Insufficient discussion will lead to the deduction on marks.
Bonus:
Implement a neural network to predict the target variable. Experiment with different neural network architectures (# of hidden layers, # number of nodes per layer) and parameters (learning rate, number of iterations, momentum).
We will give 10 bonus marks to up to 20 students who achieve the highest accuracy values on a different testing set than the one provided. A separate Python file must be created for evaluating the bonus section. In the separate file, you are asked to write a function called bonus that takes as input the paths of the training set and the testing set and outputs the predicted variable into a csv file. Inside the function, there should be a step that cleans and prepares the data for the model, a step that creates your optimal model from the assignment and trains it on the training data, and a step that evaluates the model on the testing data and produces the predicted values.
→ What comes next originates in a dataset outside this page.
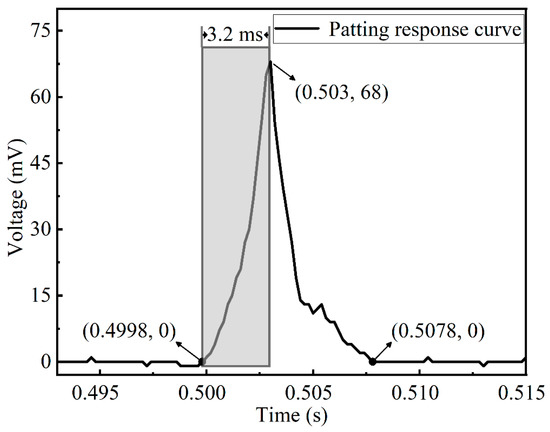 When an impact pressure is exerted on the surface of the sensor and quickly reaches the maximum value, the output charges of the sensor increased to the corresponding maximum value rapidly. The time difference in the appearance of the maximum values between the pressure and the output charges is the response time of the sensor [35]. By repeated experiments of four contact patterns (stroking, patting, kneading, and scratching) exerted on the sensor, the results show that the response time of the patting operation is , which is the minimum among those of the four contact patterns. The voltage response curve of patting is shown in Figure 9.
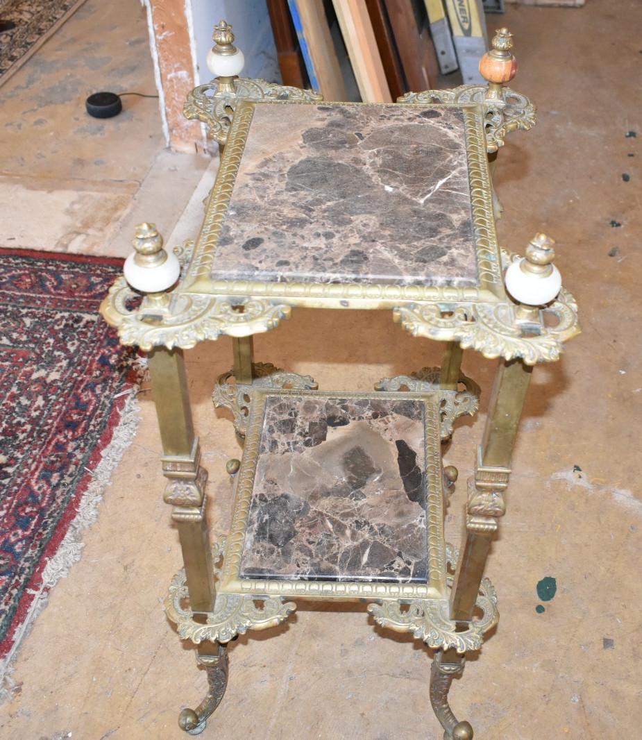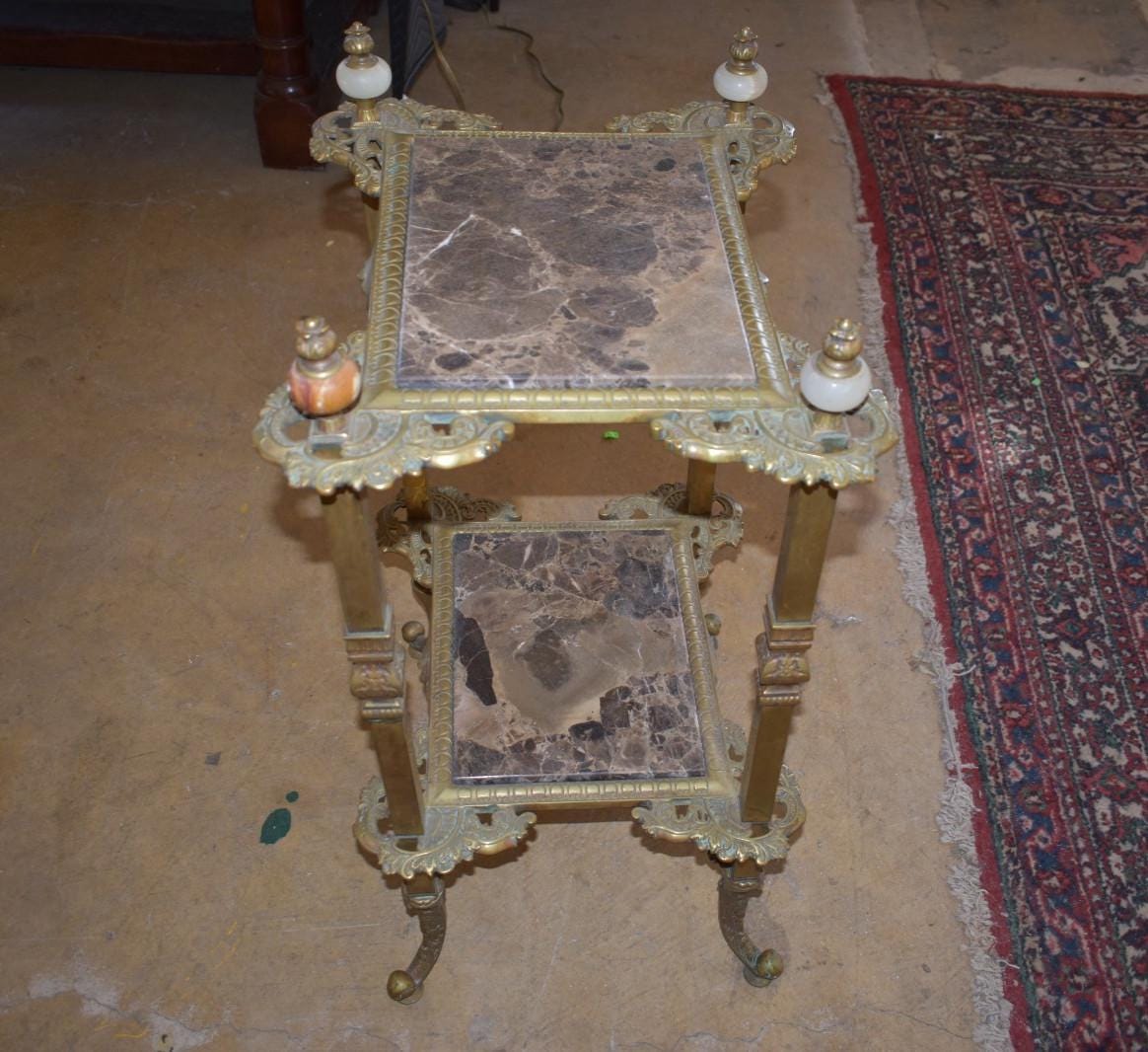 The table features a classical square form with symmetrical proportions, decorative brass framework, and two inset marble surfaces. The design elements—marble panels, classical mounts, finials, and curved feet—reflect the restrained elegance typical of Louis XVI and Belle Époque–inspired furnishings.

This file should work independently so any required libraries should be imported. Grid search should not be implemented in the code, so the model should be trained using the optimal hyperparameters from the assignment. The bonus section will evaluate a different testing set than the one given with the assignment, but it will have the same structure. The naming conventions for the Python file and the csv output file are described in the What to Submit section below.
Here is a skeleton of the bonus function:
def bonus(training_file_path, testing_file_path):
- code for cleaning the training data
- code for training the model
- code for predicting the target of testing data
- code for writing predicted target in csv file
If your files cannot be imported, or if you fail to follow the above instructions, you will forfeit your opportunity to compete for bonus marks.
Tools:
- Software:
- Python Version 3.X is required for this assignment. Your code should run on theData Scientist Workbench (Kernel 3). All libraries are allowed but here is a list of the major libraries you might consider: Numpy, Scipy, Sklearn, Matplotlib, Pandas.
- No other tool or software besides Python and its component librariescan be used to touch the data files. For instance, using Microsoft Excel to clean the data is not allowed.
- Required data files:
- csv: survey responses with yearly compensation.
- The data file cannot be altered by any means. The IPython Notebooks will be run using local version of this data file.
What to submit:
Submit via Quercus an IPython notebook containing your implementation and motivation for all the steps of the analysis with the following naming convention:
lastname_studentnumber_assignment2.ipynb
If you wish to complete the bonus section, make sure to submit the following files as well:
lastname_studentnumber_assignment2_bonus.py
Make sure that you comment your code appropriately and describe each step in sufficient detail. Respect the above convention when naming your file, making sure that all letters are lowercase and underscores are used as shown. A program that cannot be evaluated because it varies from specifications will receive zero marks. Late submissions will not be accepted.
Tips:
- You have a lot of freedom with however you want to approach each step and with whatever library or function you want to use. As open-ended as the problem seems, the emphasis of the assignment is for you to be able to explain the reasoning behind every step.
- While some suggestions have been made in certain steps to give you some direction, you are not required to follow them. Doing them, however, guarantees full marks if implemented and explained correctly.
- The output of the regressor when evaluated on the training set must be the same as the output of the regressor when evaluated on the testing set, but you may clean and prepare the data as you see fit for the training set and the testing set.
- When evaluating the performance of your algorithms, keep in mind that there can be an inherent trade-off between the results on various performance measures.